Satellites indicate continuous advance of continental drying
The research indicates that areas experiencing water loss advance each year at a rate equivalent to about twice the territory of California.
At the same time, dry regions became drier at a faster rate than the gain observed in wet areas.
This imbalance indicates a persistent change in the terrestrial water cycle.
According to the authors, the pattern observed by satellite shows that continental storage has become more unstable and has begun to respond more intensely to climate extremes.
The most sensitive signal appears in aquifers.
According to the study, 68% of water loss in continental regions not covered by glaciers came from groundwater, which reinforces the impact of excessive pumping in agricultural and urban areas.
These reserves usually replenish slowly and act as a kind of protection during dry periods.
When extraction exceeds natural replenishment, cities, crops, and industries become dependent on a resource that is increasingly difficult to recover.
Critical regions concentrate losses in the Northern Hemisphere
Researchers identified four major drying regions in the Northern Hemisphere.
One of them involves southwestern North America and Central America, an area characterized by intensive agriculture, metropolises, and urban centers in arid zones.
Another band covers Alaska and northern Canada, where the loss of snow, ice, and permafrost alters terrestrial water storage.

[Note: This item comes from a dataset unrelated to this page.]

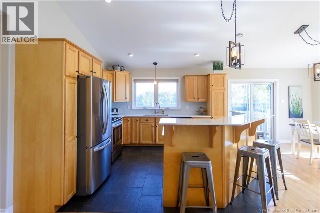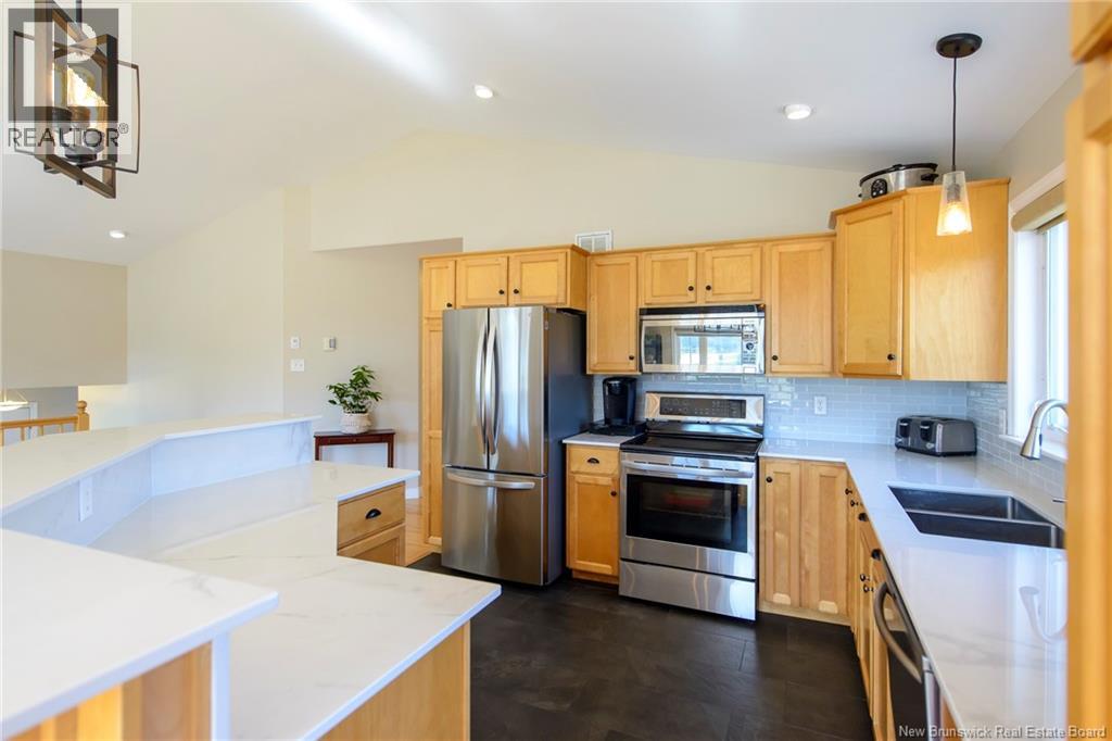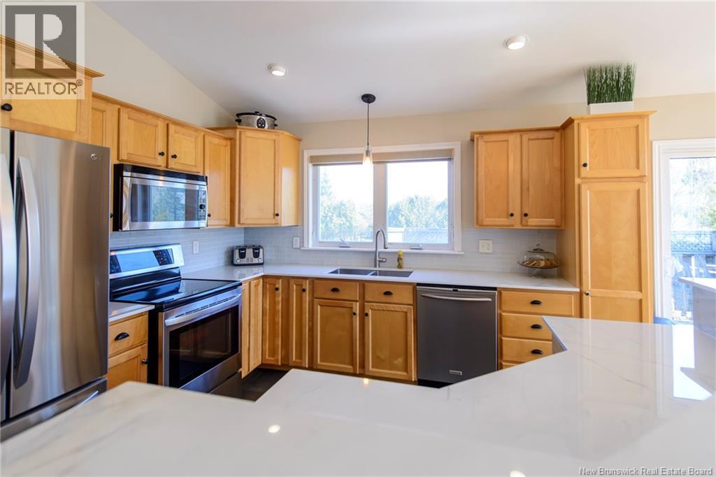 This pristine 5 bedroom side-split is the perfect blend of style, space, and functionality... ideally located in a highly desirable neighbourhood with access to a bike park and scenic walking trails. Step inside to a wide, welcoming entrance that opens into a bright and spacious main level. The open-concept layout features a sun-filled kitchen and living area, highlighted by large windows and impressive cathedral ceilingsperfect for both everyday living and entertaining. From the kitchen, walk out onto a lovely deck, ideal for enjoying your morning coffee or hosting guests.The main floor also includes a full bathroom complete with an air jet tub and convenient walk-through access to the primary bedroom. The primary suite is generously sized, easily accommodating a king-size bed, and boasts a beautiful walk-in closet. Three additional bedrooms complete the main level, offering ample space for family or guests. Downstairs, youll find a fully finished basement that continues the homes quality with hardwood floors extending from the main level. This bright and expansive space includes a large family room, two additional bedrooms, a three-quarter bathroom, and a dedicated laundry and utility area. Outside, the private backyard is a true retreat, featuring a concrete patio and a charming gazeboperfect for relaxing or entertaining in a peaceful setting. A paved driveway offers plenty of parking, with additional paved space beside the garage for trailers, bikes or boats, and the proper two car garage offers abundant storage, as well as 2nd large shed/workshop space offering further storage or hobby space. This location in one of Quispamsis most sought-after family neighborhoods. (id:34572)

Also appearing in the survey are northern Russia and a wide area connecting the Middle East, North Africa, and parts of Eurasia.
The mapping shows that previously isolated hotspots have begun to connect.
As a result, water pressure no longer affects only specific basins but gains continental scale, with implications for food, energy, urban planning, and water security.
Intensive use of aquifers accelerates global water crisis
The combination of climate change, extreme droughts, and unsustainable groundwater use appears as the main driver of loss.
In high latitudes, warming reduces snow, ice, and permafrost; in agricultural areas, drought increases aquifer extraction.
This cycle pressures strategic reserves.
With less surface water available, groundwater pumping increases; with more pumping, aquifers shrink; with lower aquifers, entire regions become more vulnerable to new droughts.
The study also links continental water loss to sea level rise.
Part of the water extracted from underground or released from terrestrial reservoirs reaches the oceans, expanding an impact that goes beyond local supply.
The authors also point to an inflection after the strong El Niño in the middle of the last decade.
Since then, the decline in freshwater storage has remained at a low level, while continental drying has begun to surpass losses observed in glaciers and ice sheets.
Freshwater enters the center of planetary infrastructure
By bringing together moist soil, snow, ice, vegetation, surface water, and aquifers into a single account, the research treats freshwater as an essential part of the planet’s infrastructure.
The loss affects not only isolated reservoirs but also the foundation that sustains cities, crops, and ecosystems.
The GRACE and GRACE-FO satellites allowed this dynamic to be observed on a global scale because they measure gravity variations associated with mass displacement.
In practice, they reveal where Earth gains or loses water over time. The researchers’ interpretation is that the signal is no longer a fleeting oscillation.
The continuous reduction in populous, agricultural, and urbanized countries indicates that groundwater management will be one of the most critical areas for climate adaptation and food security in the coming decades.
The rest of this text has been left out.